■ Directions:
Restate every record exactly as it is written, while omitting the pictures it holds.

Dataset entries
■ ■ ■ ■ ■ ■ ■

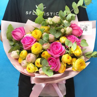 Роза кустовая пионовидная (7шт.); Эвкалипт; Матовая плёнка; Атласная лента | 3349 | 4999 |
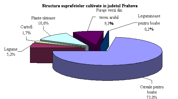 In structura suprafetei cultivate (graficul nr. 3) predominante sunt culturile cerealiere (73% din suprafata cultivata) urmate de plante uleioase (10,6%), productia de furaje verzi (9,3%) si legume (5,2%).
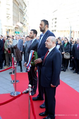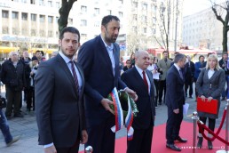 President of the Olympic Committee of Serbia Vlade Divac, Minister of Youth and Sport of the Republic of Serbia Vanja Udovičić and his Excellency the Ambassador of Azerbaijan to Serbia Eldar Hasanov respecting the long tradition laid the laurel wreath at the memorial plaque in front of Hotel Moskva.
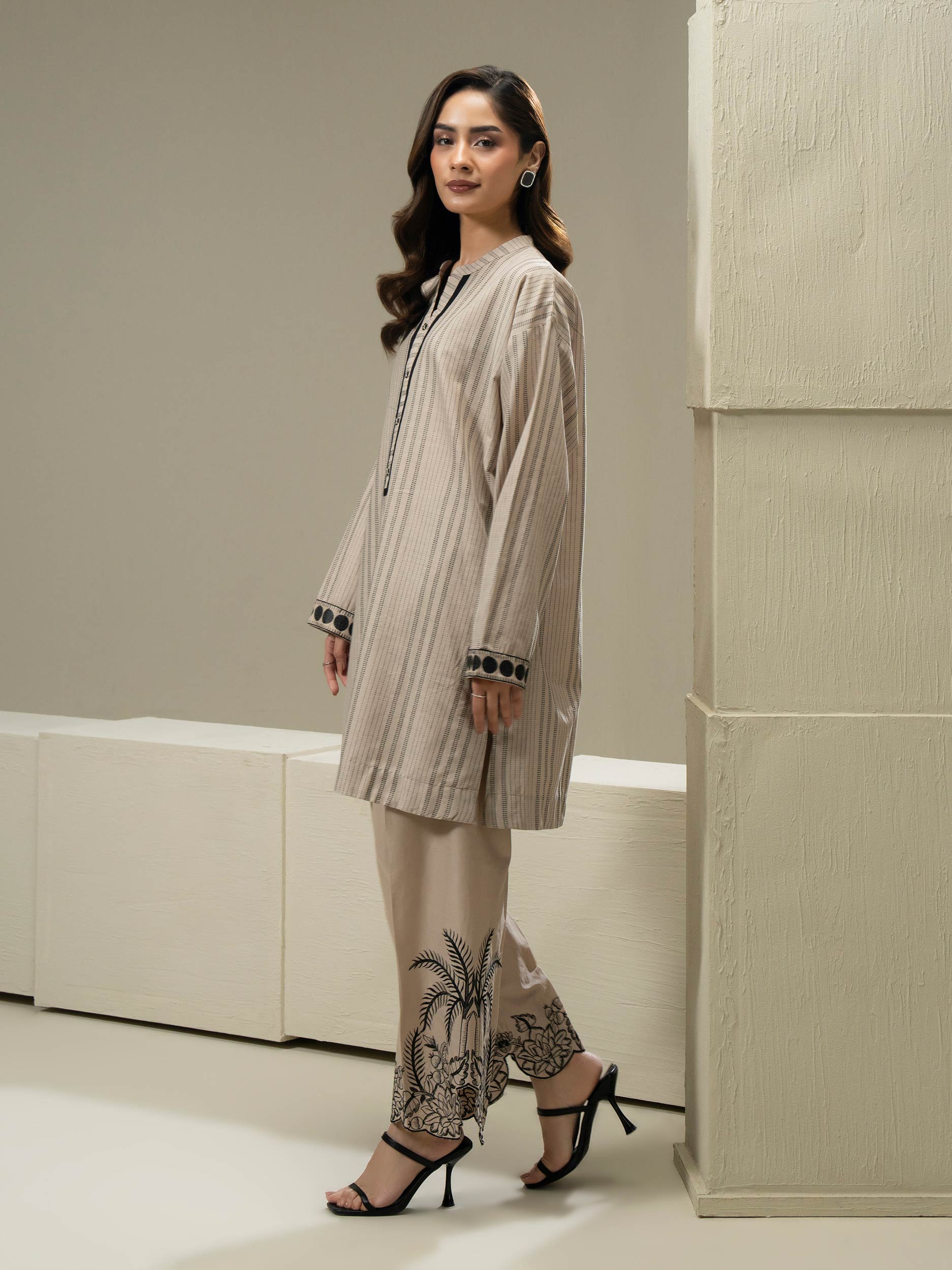 - Dyed embroidered wide-leg trousers with elasticized waistband
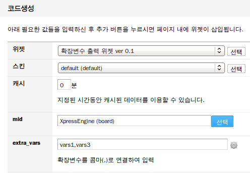 위 화면과 같이 추가로 받아야 할 할목은 게시판을 선택하는 mid와 확장변수를 받는 부분이 필요합니다. 그래서 <extra_vars> 부분에 타입이 mid인 selected_module_srl 과 타입이 text인 extra_vars_list를 입력하면 화면과 같은 폼이 생성됩니다.
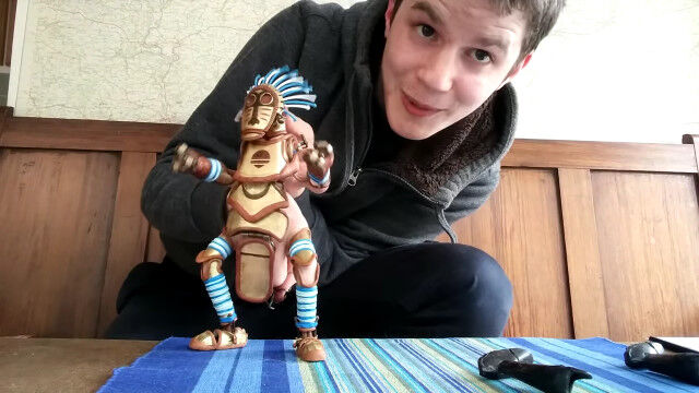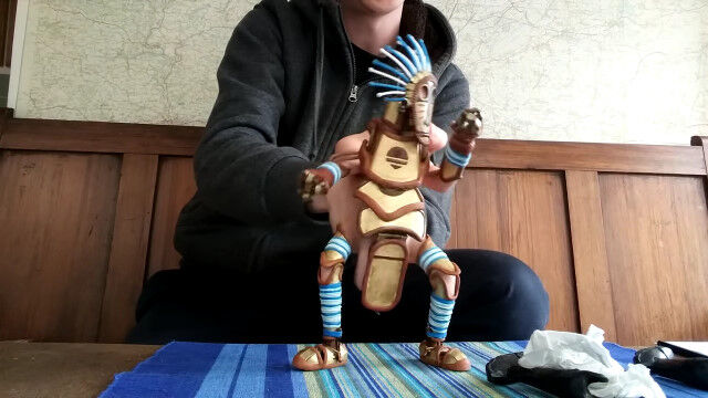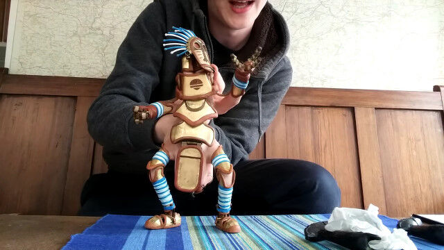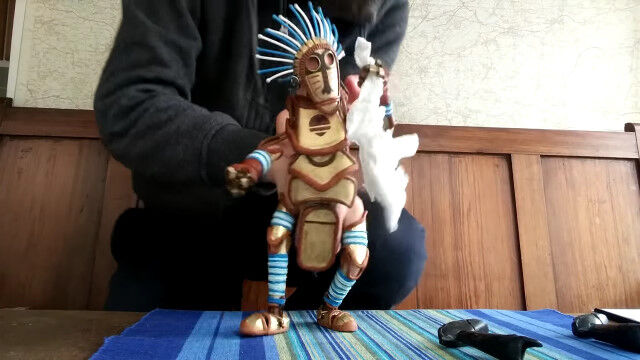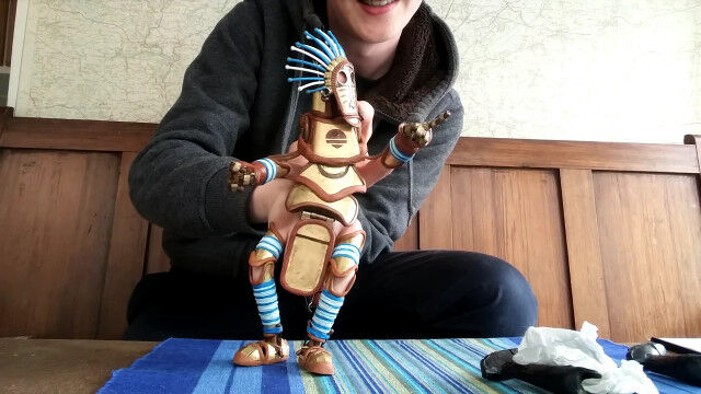 人形の上半身を左手で操作し、人形の下半身を右手で操作する、糸を使わない手作り操り人形。
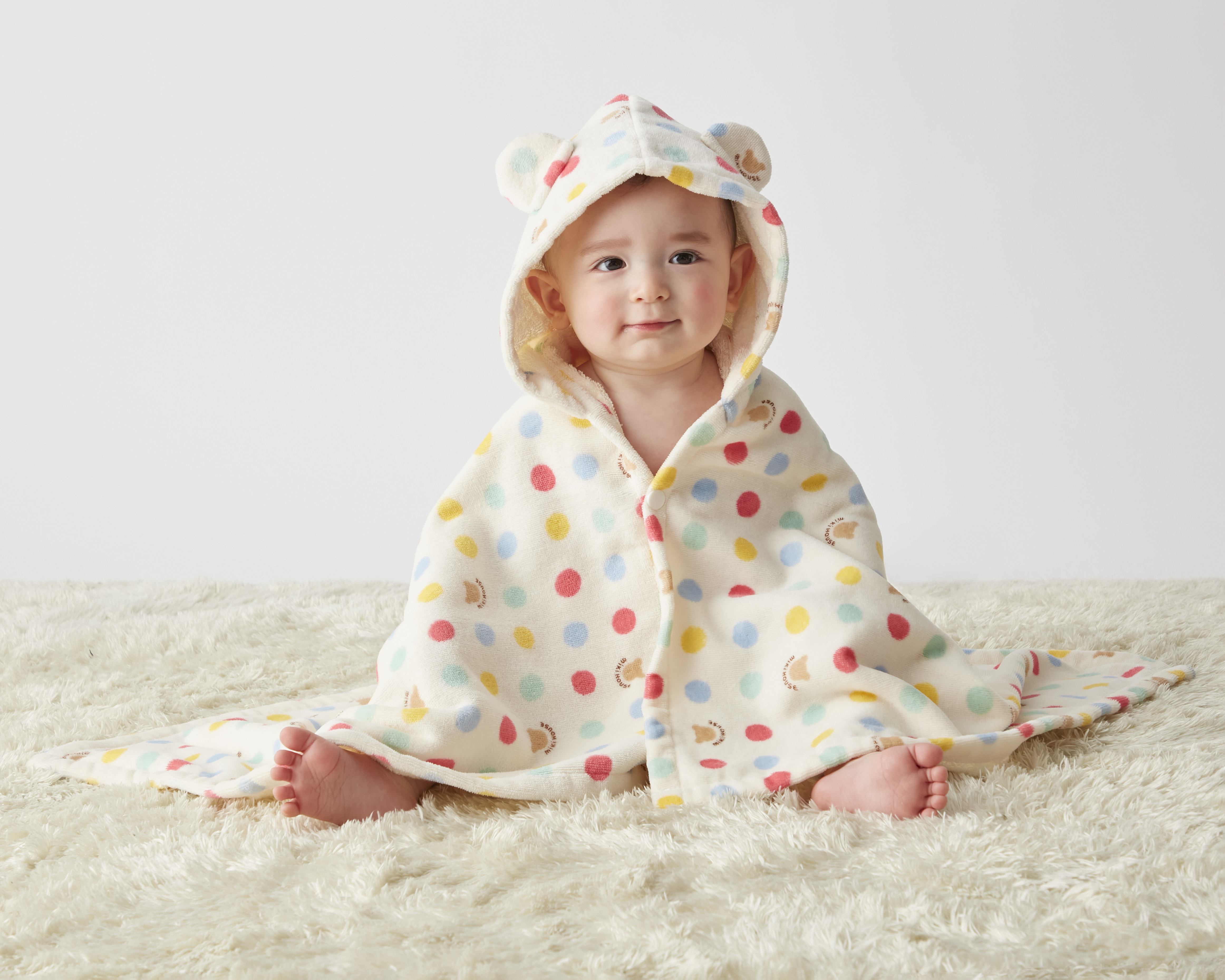 ・這款連帽浴斗篷飾有圓點和小熊圖案。
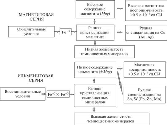 В восстановительных условиях железо находится преимущественно в подвижной двухвалентной форме и концентрируется главным образом в темноцветных минералах. И лишь избыток его после кристаллизации темноцветных минералов связывается в ильмените и магнетите, как правило, в виде единичных мелких зерен. Именно такой процесс обуславливает низкую, часто почти нулевую магнитную восприимчивость магматических пород ильменитовой серии. Наряду с железом и другие поливалентные элементы (Sn, Cu, Eu и др.) могут выступать в качестве индикаторов окислительно-востановительных условий кристаллизации магматических пород (Борисов и др., 1991; Мишин, 2010).
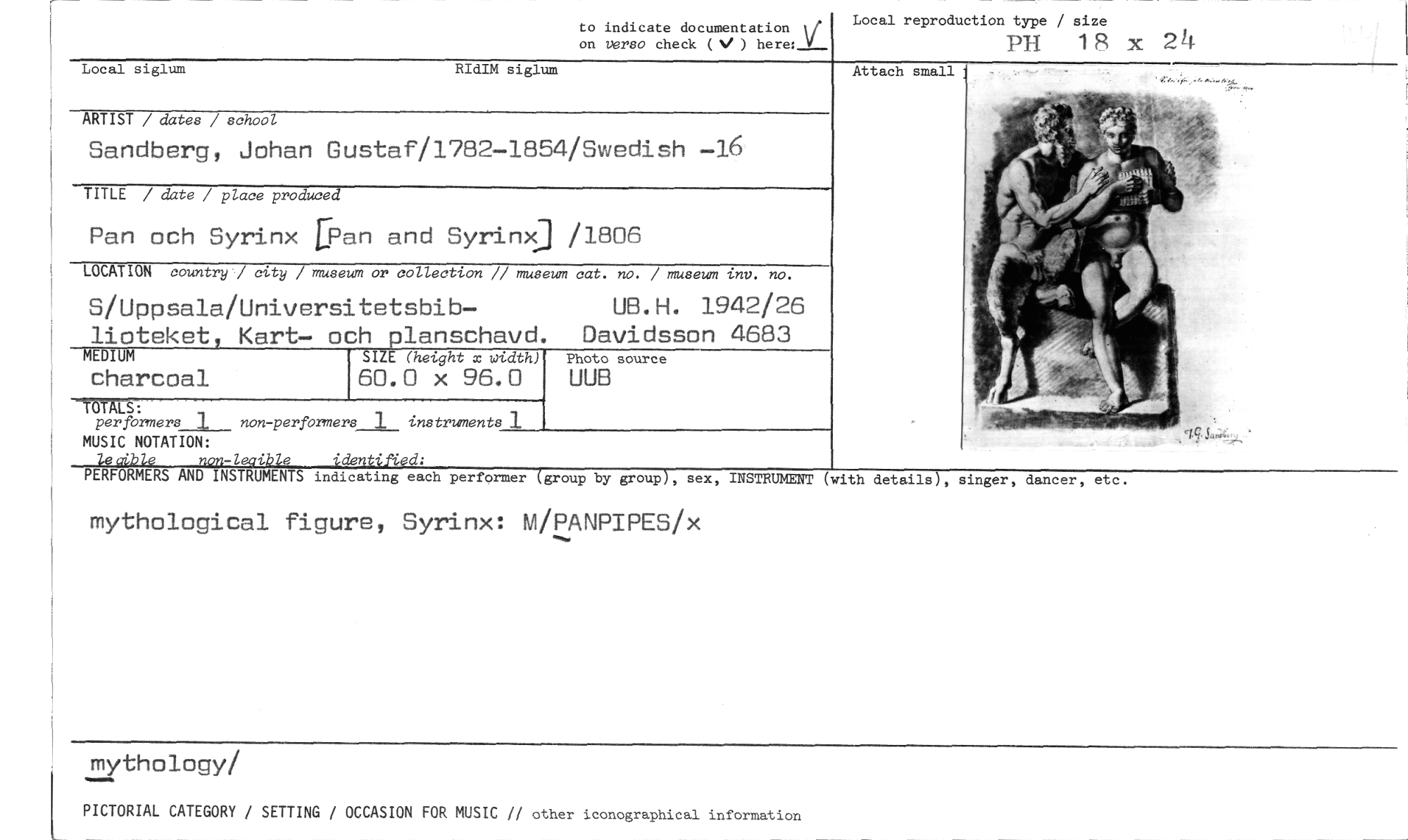 //// to indicate documentation vt on versa check (V ) here:2_ //// Local reproduction type / size //// Ffi 18 x 24 //// Local siglum //// Attach small //// RIdIM siglum //// ARTIST / dates / school //// Sandberg, Johan Gustaf/1782-1854/Swedish —16 //// TITLE / date / place produced //// Pan och Syrinx [Pan and Syrinx] /1806 //// LOCATION country / city / museum or collection // museum cat. no. / museum tnv. no. //// S/Uppsala/Universitetsbiblioteket, Kart— och planschavd //// MEDIUM SIZE (height x width) //// charcoal 60.0 x 96.0 //// UB.H. 1942/26 Davidsson 4683 //// Photo source //// UUB //// TÖTALS : //// per formers 1 non-performers 1 instruments 1 //// MUSIC NOTATION: //// is aible non-lecible identilUd: //// PERFORMERS AND INSTRUMENTS indicating each performer (group by group), sex, INSTRUMENT //// (with details), singer, dancer, etc. //// mythological figurs, Syrinx: M/PANPIPES/x //// mythology/ //// PICTORIAL CATEGORY / SETTING / OCCASION FOR MUSIC // other iconographical information ////
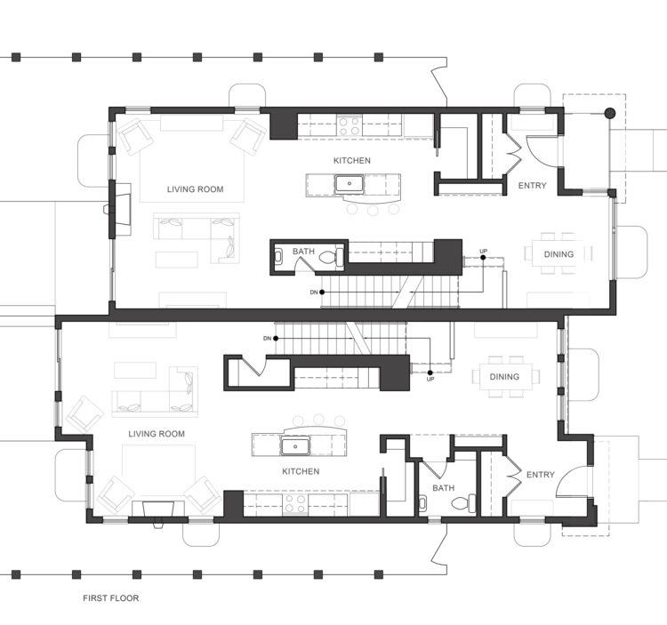 In partnership with Metropolitan Development Inc. and Rivier Properties, Arrow B is excited to develop a series of duplexes in the Overland Neighborhood. Each duplex is two and a half stories and features private decks, open living space and detached garages. Taking mid-century modern design cues from the neighborhood, Arrow B and the developer worked to design façades that are dynamic yet respectful to the context.

■ ■ ■ ■ ■ ■ ■

■ Written response:
 Роза кустовая пионовидная (7шт.); Эвкалипт; Матовая плёнка; Атласная лента | 3349 | 4999 |
 In structura suprafetei cultivate (graficul nr. 3) predominante sunt culturile cerealiere (73% din suprafata cultivata) urmate de plante uleioase (10,6%), productia de furaje verzi (9,3%) si legume (5,2%).
 President of the Olympic Committee of Serbia Vlade Divac, Minister of Youth and Sport of the Republic of Serbia Vanja Udovičić and his Excellency the Ambassador of Azerbaijan to Serbia Eldar Hasanov respecting the long tradition laid the laurel wreath at the memorial plaque in front of Hotel Moskva.
 - Dyed embroidered wide-leg trousers with elasticized waistband
 위 화면과 같이 추가로 받아야 할 할목은 게시판을 선택하는 mid와 확장변수를 받는 부분이 필요합니다. 그래서 <extra_vars> 부분에 타입이 mid인 selected_module_srl 과 타입이 text인 extra_vars_list를 입력하면 화면과 같은 폼이 생성됩니다.
 人形の上半身を左手で操作し、人形の下半身を右手で操作する、糸を使わない手作り操り人形。
 ・這款連帽浴斗篷飾有圓點和小熊圖案。
 В восстановительных условиях железо находится преимущественно в подвижной двухвалентной форме и концентрируется главным образом в темноцветных минералах. И лишь избыток его после кристаллизации темноцветных минералов связывается в ильмените и магнетите, как правило, в виде единичных мелких зерен. Именно такой процесс обуславливает низкую, часто почти нулевую магнитную восприимчивость магматических пород ильменитовой серии. Наряду с железом и другие поливалентные элементы (Sn, Cu, Eu и др.) могут выступать в качестве индикаторов окислительно-востановительных условий кристаллизации магматических пород (Борисов и др., 1991; Мишин, 2010).
 //// to indicate documentation vt on versa check (V ) here:2_ //// Local reproduction type / size //// Ffi 18 x 24 //// Local siglum //// Attach small //// RIdIM siglum //// ARTIST / dates / school //// Sandberg, Johan Gustaf/1782-1854/Swedish —16 //// TITLE / date / place produced //// Pan och Syrinx [Pan and Syrinx] /1806 //// LOCATION country / city / museum or collection // museum cat. no. / museum tnv. no. //// S/Uppsala/Universitetsbiblioteket, Kart— och planschavd //// MEDIUM SIZE (height x width) //// charcoal 60.0 x 96.0 //// UB.H. 1942/26 Davidsson 4683 //// Photo source //// UUB //// TÖTALS : //// per formers 1 non-performers 1 instruments 1 //// MUSIC NOTATION: //// is aible non-lecible identilUd: //// PERFORMERS AND INSTRUMENTS indicating each performer (group by group), sex, INSTRUMENT //// (with details), singer, dancer, etc. //// mythological figurs, Syrinx: M/PANPIPES/x //// mythology/ //// PICTORIAL CATEGORY / SETTING / OCCASION FOR MUSIC // other iconographical information ////
 In partnership with Metropolitan Development Inc. and Rivier Properties, Arrow B is excited to develop a series of duplexes in the Overland Neighborhood. Each duplex is two and a half stories and features private decks, open living space and detached garages. Taking mid-century modern design cues from the neighborhood, Arrow B and the developer worked to design façades that are dynamic yet respectful to the context.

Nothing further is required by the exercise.